His doctoral research focused on Bayesian spatial and spatio-temporal modeling for environmental monitoring and epidemiology. His work included statistical methods for spatially disaggregating air-pollution data and estimating the velocity and direction of infectious-disease spread.
In his current research, Fernando develops statistical methods for ecological and fisheries data, with particular emphasis on coral-reef systems, reef-fish biomass, spatial ecological processes, and uncertainty quantification.

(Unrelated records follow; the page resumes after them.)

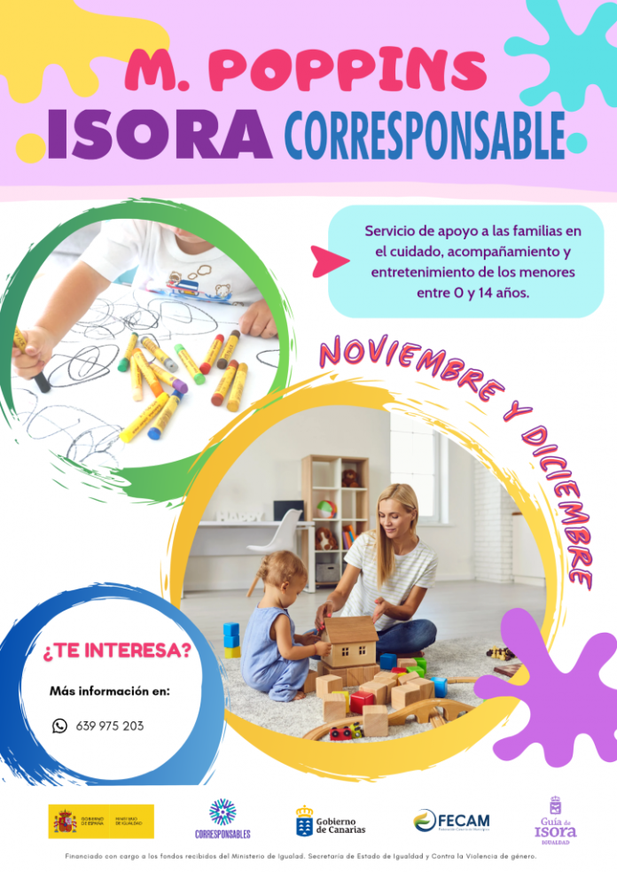 El Área de Igualdad del Ayuntamiento de Guía de Isora pone en marcha el proyecto M. Poppins “Isora Corresponsable”. Se trata de un servicio de apoyo a las familias en el cuidado y acompañamiento de los menores entre 0 y 14 años de edad.
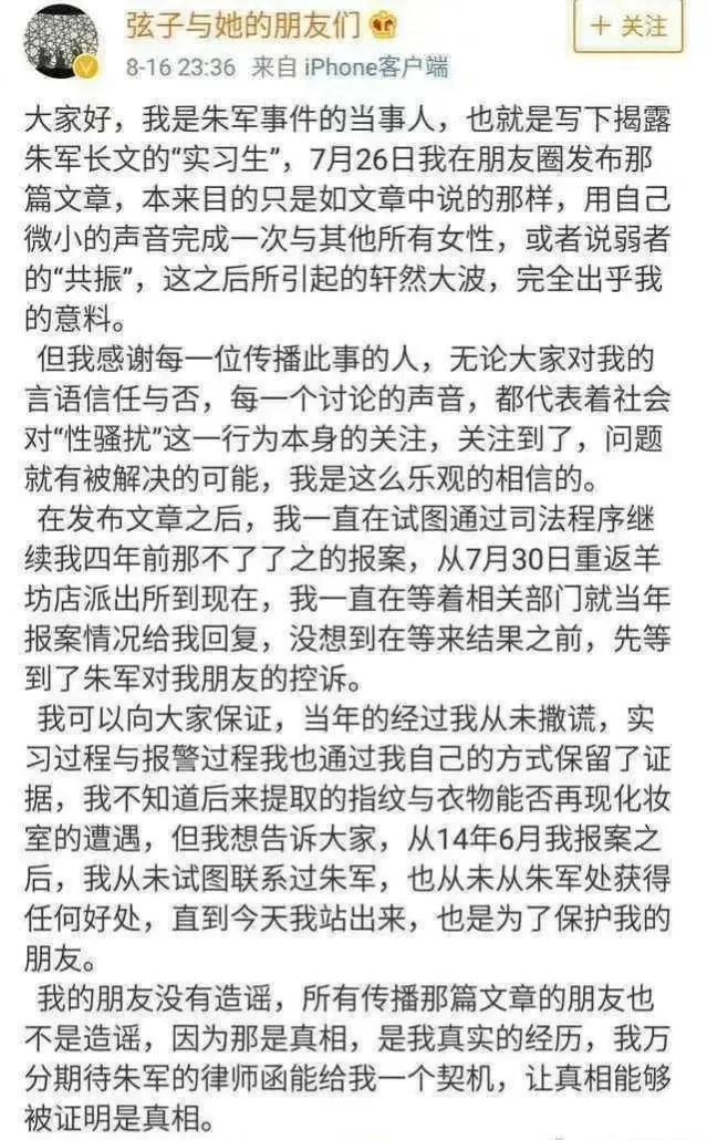 弦再一次声泪俱下地发表了一篇关于这件事的文章,有不少人相信此事斥责朱军。
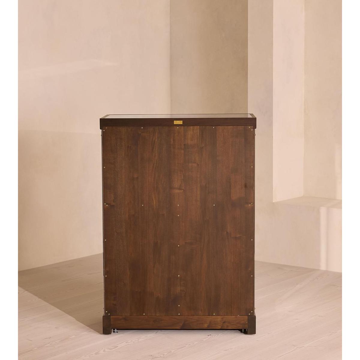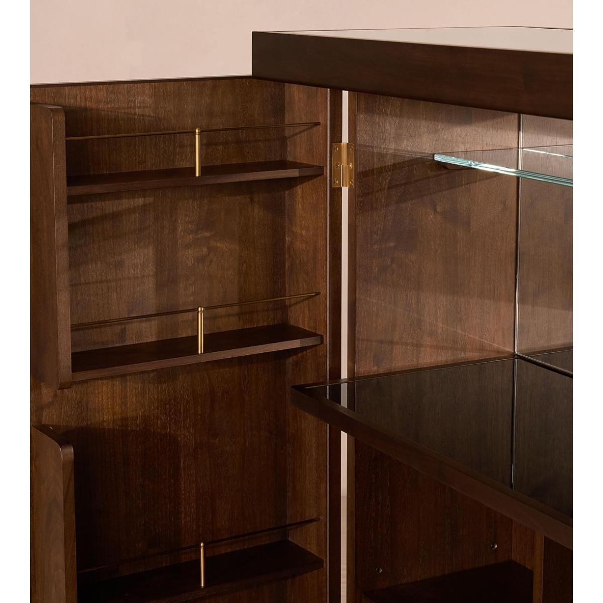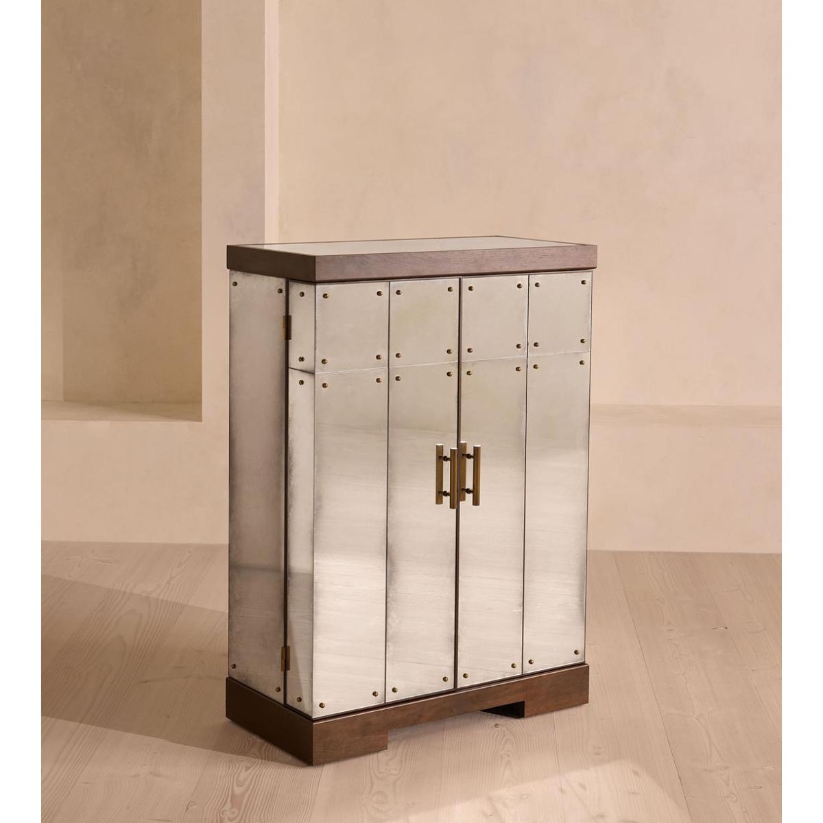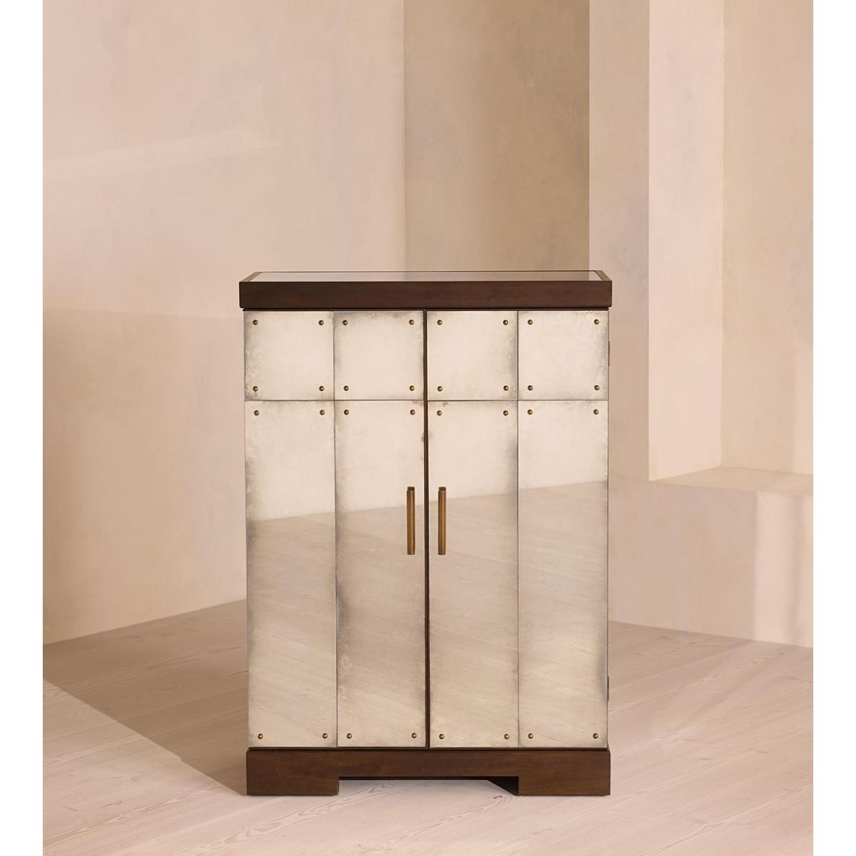Clad in antiqued mirror glass, this compact cabinet opens to reveal a dark-stained walnut interior, lacquered and waxed for a refined finish. Inside, a black glass countertop and mirrored back reflect the considered design details. Two adjustable shelves and brass gallery rails fitted to each door offer practical storage. Originally created by Rupert Bevan for the penthouse at Soho Beach House Miami, this piece has been reworked exclusively for Soho Home.
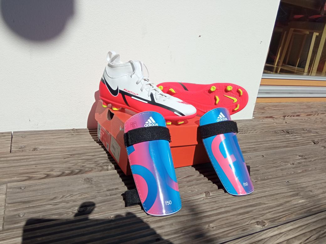 Prodám dětské kopačky zn. Nike, vel. 34, málo používané, plus chrániče holení zn. Adidas.
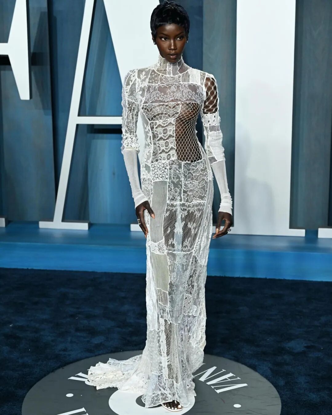 模特Anok在名利场的奥斯卡颁奖晚会上,身着比利时时装设计师 Olivier Theyskens 的超长紧身连衣裙,与今天如此工业化的时尚感觉形成了鲜明的对比。
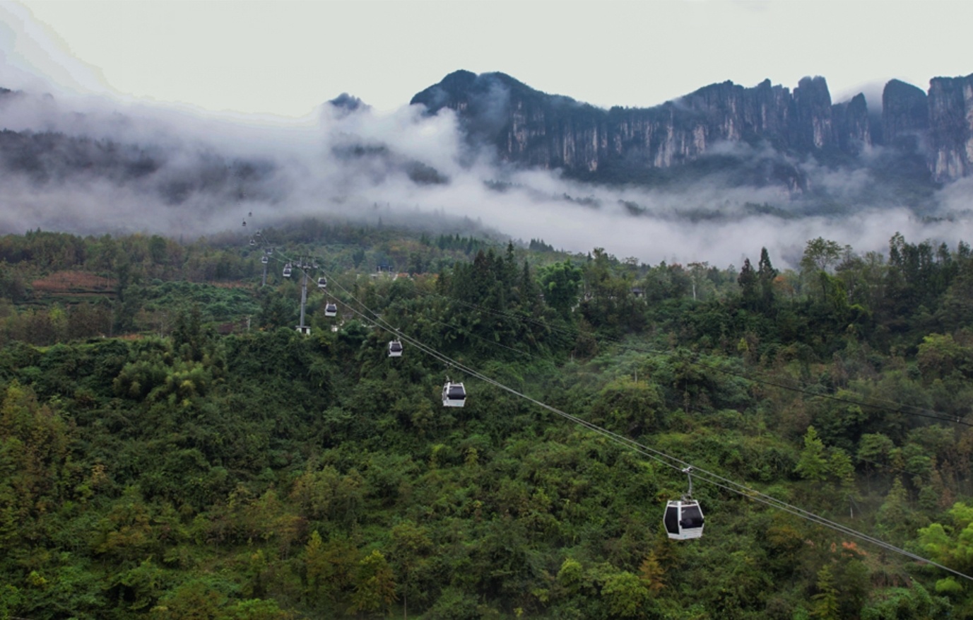 双节期间, 湖北省恩施大峡谷雨后云海绕群山,层林尽染秋意浓。在游客接待中心广场上,每天都能看到热气球将一面硕大的五星红旗升上天空。国旗下面是身着土家族、苗族特色服饰的快闪团队,以及来自全国各地的游客,共同挥舞国旗唱响《我和我的祖国》,将节日的氛围感拉满,表达自己对新中国74岁生日的祝福。
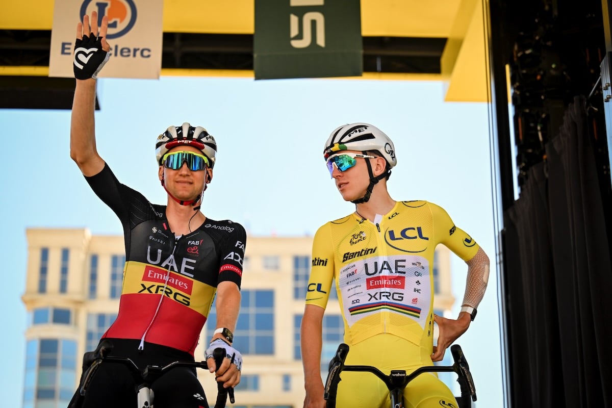 第15ステージを制したティム・ウェレンス(ベルギー、UAEチームエミレーツXRG)とマイヨジョーヌのタデイ・ポガチャル(スロベニア) photo:A.S.O.

• Bayesian spatial and spatio-temporal statistics
• Bayesian hierarchical and latent Gaussian models
• Spatial disaggregation and change-of-support problems
• Environmental and ecological statistics
• Coral-reef ecology and fisheries
• Uncertainty quantification and propagation
Mary Lai Salvana is an assistant professor of statistics at the University of Connecticut. She earned her Ph.D. in statistics from King Abdullah University of Science and Technology (KAUST), Saudi Arabia. Before joining the University of Connecticut, she held a postdoctoral fellowship in the Department of Mathematics at the University of Houston. She received her bachelor’s and master’s degrees in applied mathematics from Ateneo de Manila University in the Philippines in 2015 and 2016, respectively.
Her research focuses on the statistical modeling of extreme and catastrophic events, risk and disasters, with an emphasis on spatial and spatio-temporal statistics, environmental and computational statistics, large-scale data science, and high-performance computing.